La historia de Hachiko nacio en la provincia de Akita, al norte de Japón. Hachiko a los 2 meses de edad fue adoptado por un profesor de la universidad que lo llevó a su hogar y allí demostró ser bondadoso y amable. Hachiko no podía acompañar a su amo hasta la universidad. Pero lo que sí hacía era dejar la casa todas las mañanas con el profesor y caminaba junto a él hasta a la estación. El perro observaba como su dueño desaparecía entre la multitud que abordaba el tren. Más tarde, Hachiko acostumbraba sentarse en la pequeña plaza y esperaba allí a su dueño quien regresaba de su trabajo por la tarde.
Esto sucedía todos los días. Así es como la imagen del profesor con su perro se volvió familiar en la estación Shibuya, y la historia de la lealtad de este animal se diseminó por los alrededores con mucha facilidad.
Una tragedia la tarde del 21 de mayo de 1925. El profesor repentinamente sufrió una ataque cardíaco en la universidad. Él falleció antes de poder regresar a casa. Hachiko esperaba enfrente de la estación. Muy pronto las noticias sobre la repentina muerte del profesor alcanzaron Shibuya. Inmediatamente muchas personas pensaron en el pobre perro que lo había acompañado todos los días. Varios tuvieron la misma actitud y fueron a la pequeña plaza para convencer al perro de que volviera a su hogar, como si él pudiera comprenderlos.
A la mañana siguiente Hachiko fue visto enfrente de la estación, esperando a su amo. Aguardó todo el día en vano. Al día siguiente estaba allí nuevamente y así sucedía día tras día. No tenía en cuenta las condiciones climáticas, lluvia, sol, viento y nieve no impedían su diario peregrinar al encuentro de su amo, La lealtad demostrada por Hachiko tuvo un extraordinario efecto entre los japoneses pobladores de Shibuya. Él se transformó en un héroe, la figura más amada del área.
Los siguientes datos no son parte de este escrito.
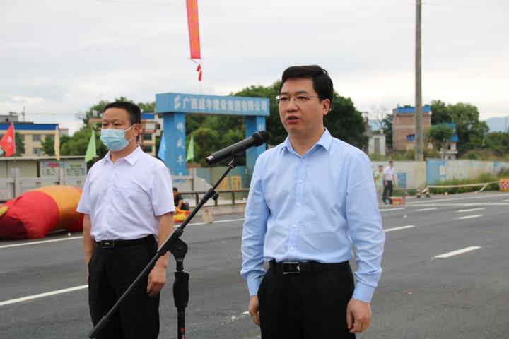 4月29日,永康路橋舉行通車儀式。副市長蔣曉軍,市交通運輸局、國資委、城市管理局、賀州市東融新區(qū)管委、城投集團等有關領導參加通車儀式。副市長蔣曉軍宣布通車。
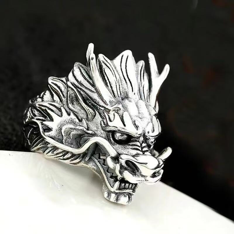 KZD Old Phoenix 999 sterling silver pure silver retro domineering and fierce men's dragon ring personalized creative silver magic dragon ring magic dragon head ring same style single pack same style

Casi un año más tarde, el 7 de marzo de 1935 Hachiko falleció al pie de su propia estatua debido a su edad, pero eso no impidió que su historia y la estatua de Teru Ando se hicieran famosas por todo Japón. Hachiko acudio todos los dias, durante los diez años que sobrevivio a su dueño, a buscarlo entre la multitud en la estacion... Hoy en día, la exquisita estatua de Hachiko permanece en el medio de la plaza enfrente de la estación Shibuya. Podemos encontrar alrededor de ella fuentes, puestos de diarios y revistas y personas sonrientes contándoles la historia de Hachiko.